From the listing below, reproduce exactly the lines starting with the one with "2、打开后,请仔细阅读并同意有书趣的用户协议。" and going on through the one with "A műveleti erősítőt", both ends kept. No picture is copied.

Dataset extract >>
━━━━

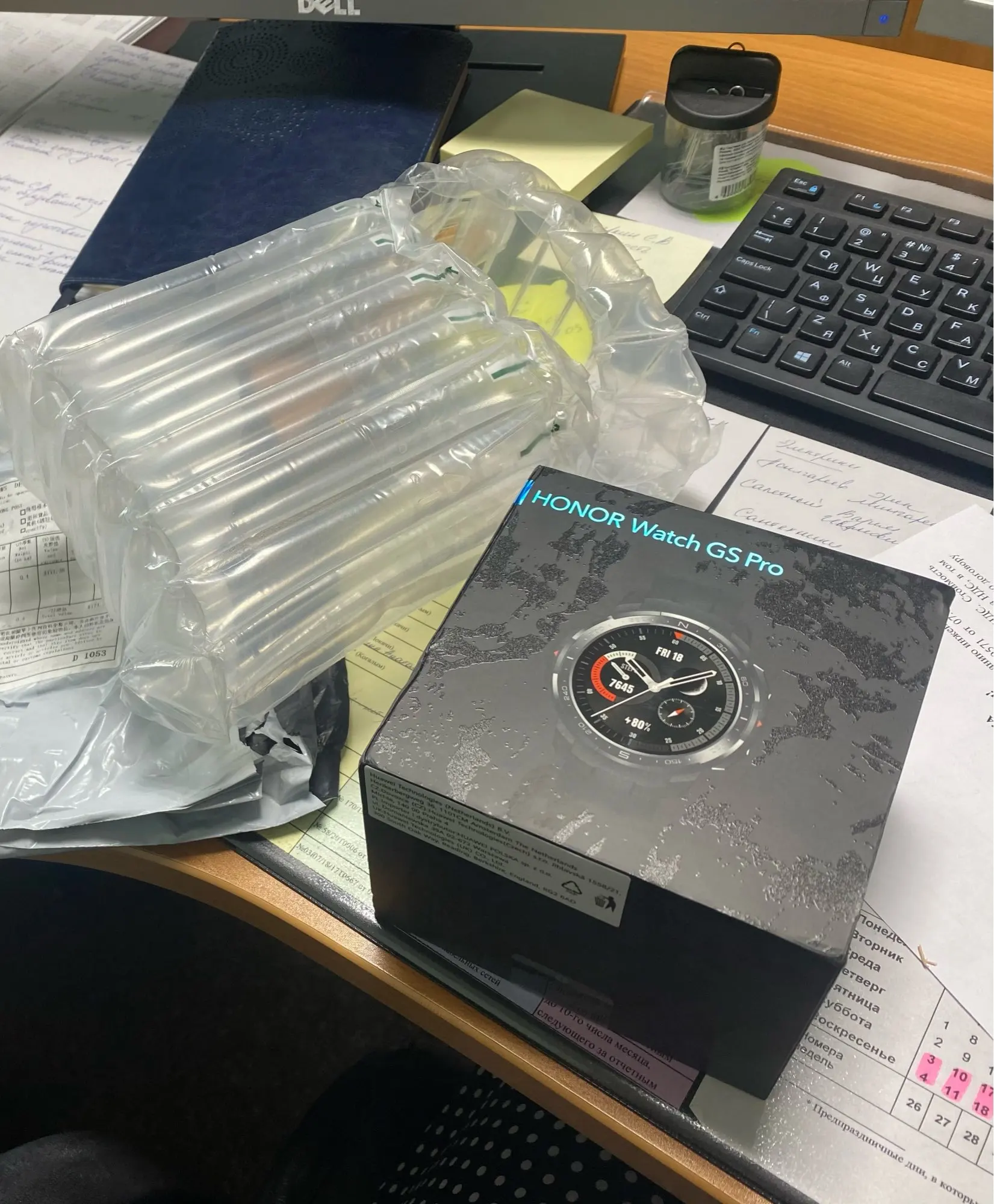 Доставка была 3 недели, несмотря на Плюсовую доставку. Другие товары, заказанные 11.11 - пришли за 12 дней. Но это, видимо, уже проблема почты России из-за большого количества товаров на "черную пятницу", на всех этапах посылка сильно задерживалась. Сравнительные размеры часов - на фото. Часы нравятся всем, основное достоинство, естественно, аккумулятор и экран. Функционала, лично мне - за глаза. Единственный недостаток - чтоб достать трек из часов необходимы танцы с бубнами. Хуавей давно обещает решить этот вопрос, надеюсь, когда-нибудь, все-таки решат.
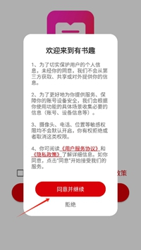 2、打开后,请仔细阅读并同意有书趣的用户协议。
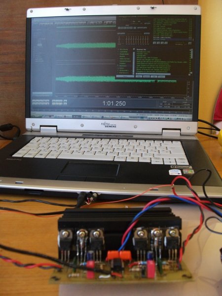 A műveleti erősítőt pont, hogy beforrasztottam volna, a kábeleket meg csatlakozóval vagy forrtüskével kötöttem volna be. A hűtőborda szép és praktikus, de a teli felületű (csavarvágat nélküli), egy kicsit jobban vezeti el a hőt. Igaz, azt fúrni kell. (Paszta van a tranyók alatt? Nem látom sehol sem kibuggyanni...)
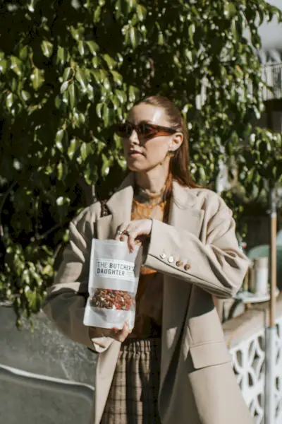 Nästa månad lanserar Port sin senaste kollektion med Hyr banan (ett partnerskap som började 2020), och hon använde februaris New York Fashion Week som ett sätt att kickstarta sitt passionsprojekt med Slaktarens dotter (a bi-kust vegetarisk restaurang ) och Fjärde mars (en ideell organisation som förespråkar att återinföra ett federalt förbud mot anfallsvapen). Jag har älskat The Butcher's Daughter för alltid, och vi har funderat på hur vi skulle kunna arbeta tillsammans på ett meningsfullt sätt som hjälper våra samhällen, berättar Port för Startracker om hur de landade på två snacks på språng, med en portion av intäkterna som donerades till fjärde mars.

━━━━

Answer for the task >>
 2、打开后,请仔细阅读并同意有书趣的用户协议。
 A műveleti erősítőt pont, hogy beforrasztottam volna, a kábeleket meg csatlakozóval vagy forrtüskével kötöttem volna be. A hűtőborda szép és praktikus, de a teli felületű (csavarvágat nélküli), egy kicsit jobban vezeti el a hőt. Igaz, azt fúrni kell. (Paszta van a tranyók alatt? Nem látom sehol sem kibuggyanni...)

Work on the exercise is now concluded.